Клеменца рассмеялся; смех был неприятный.

– Точно. Пять Семейств это скоро поймут. Отец тоже ждет твоего возвращения. У него на тебя большие планы. И мы не можем его подвести. Поэтому не тревожься насчет Гильяно – если тот объявится, поедет с нами. А будет привередничать – останется здесь.

– Так распорядился отец? – спросил Майкл.

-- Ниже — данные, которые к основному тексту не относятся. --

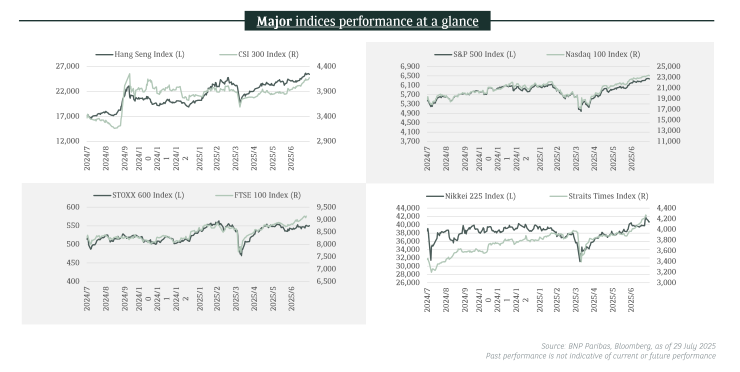 As the Q2 reporting season starts, we note that MSCI US earnings growth is forecast at 9% and 14% for FY25 & FY26 respectively in a backdrop of uncertainties over how much tariff costs could weigh on corporate profits and margins. Hence, the trajectory of earnings revisions in the next few reporting seasons and the extent of Fed rate cuts will be important for indications on whether the recent bounce in equities can be sustained, which should be influenced to a large extent by how trade policy negotiations pan out.

– Каждый день в Тунис прилетает курьер, а я приплываю на яхте с ним поговорить. Таковы были распоряжения вчера. Сначала ожидалось, что дон Кроче нам поможет – по крайней мере, твой отец так сказал мне перед отъездом из Штатов. Но ты в курсе, что произошло в Палермо вчера, когда ты уехал? Кто-то напал на Кроче. Они перебрались через стену в саду и перестреляли четверых его охранников. Однако Кроче сбежал. Не понимаю, что за чертовщина тут творится.

– Господи Иисусе! – воскликнул Майкл. Он помнил, какие предосторожности дон Кроче предпринял в отеле. – Думаю, это наш приятель Гильяно. Надеюсь, вы с моим отцом знаете, что делаете. Я так устал, что не могу здраво размышлять.

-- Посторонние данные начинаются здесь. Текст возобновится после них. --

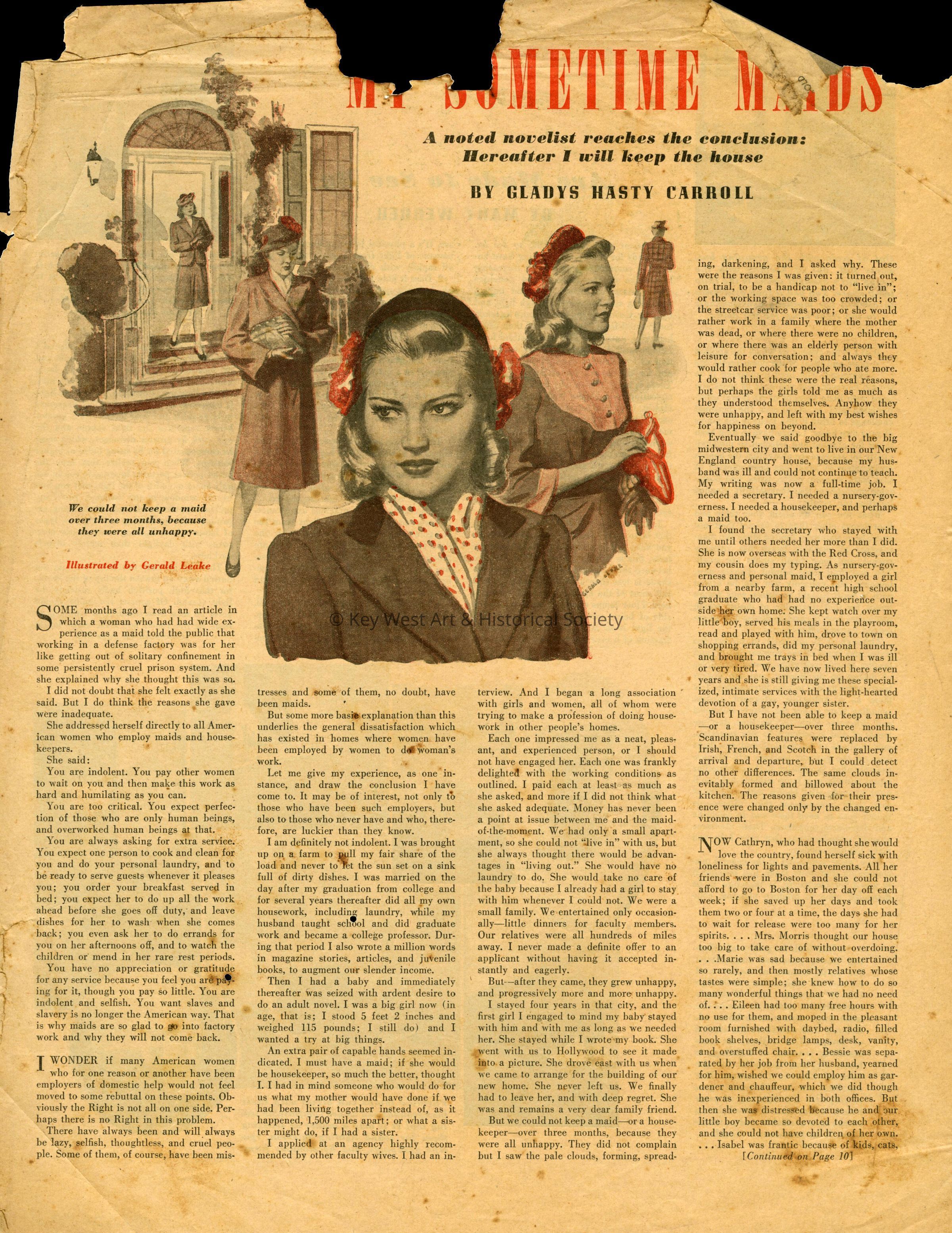 Magazine serial story entitled 'My Sometime Maids' written by Gladys Hasty Carroll and illustrated by Gerald Leake. The serial appeared in Household Magazine.

Клеменца поднялся и хлопнул его по плечу:

– Давай, Майки, поспи. Когда проснешься, я познакомлю тебя с братом. Он прекрасный человек, в точности как твой отец – такой же умный, такой же суровый, и он истинный босс в этой части страны, что бы там ни думал Кроче.

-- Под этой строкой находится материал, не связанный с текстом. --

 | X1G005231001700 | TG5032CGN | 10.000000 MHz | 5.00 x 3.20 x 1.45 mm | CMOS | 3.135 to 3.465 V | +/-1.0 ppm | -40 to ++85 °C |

Майкл разделся и улегся в постель. Он не спал больше тридцати часов, и все равно разум его не мог успокоиться, а тело – отдохнуть. Жар утреннего солнца проникал сквозь закрытые деревянные ставни. В комнате витали ароматы цветов и лимонных деревьев. События последних дней прокручивались у Майкла в голове. Как могли Пишотта и Андолини свободно перемещаться по острову? Почему Гильяно решил, что дон Кроче его враг, да еще в такой неподходящий момент? Ошибка, нехарактерная для сицилийца. В конце концов, этот парень семь лет прожил в горах в статусе преступника. Наверняка ему хочется вернуться к нормальной жизни – пусть не здесь, так в Америке. В этом и заключается его план, иначе он не стал бы посылать свою невесту, тем более беременную, вперед себя. И тут Майкла посетило озарение: ответ на загадку заключается в том, что Гильяно хочет дать последнюю битву. Он не боится погибнуть здесь, на родной земле. Наверняка есть еще какие-то планы, какие-то заговоры относительно его отъезда, в которые Майкл не посвящен, поэтому ему лучше быть настороже. Он, Майкл Корлеоне, не собирается умирать тут. Он не станет частью чей-то чужой легенды.

* * *

Майкл проснулся в огромной спальне и распахнул ставни, выходившие на белый каменный балкон, за которым сияло утреннее солнце. Под балконом, словно темно-синий ковер, до самого горизонта простиралось Средиземное море. По воде бежали малиновые полосы, рыбацкие лодки таяли вдали, скрываясь из виду. Несколько минут Майкл наблюдал за ними, потрясенный красотой моря и величественных утесов Эриче дальше к северу.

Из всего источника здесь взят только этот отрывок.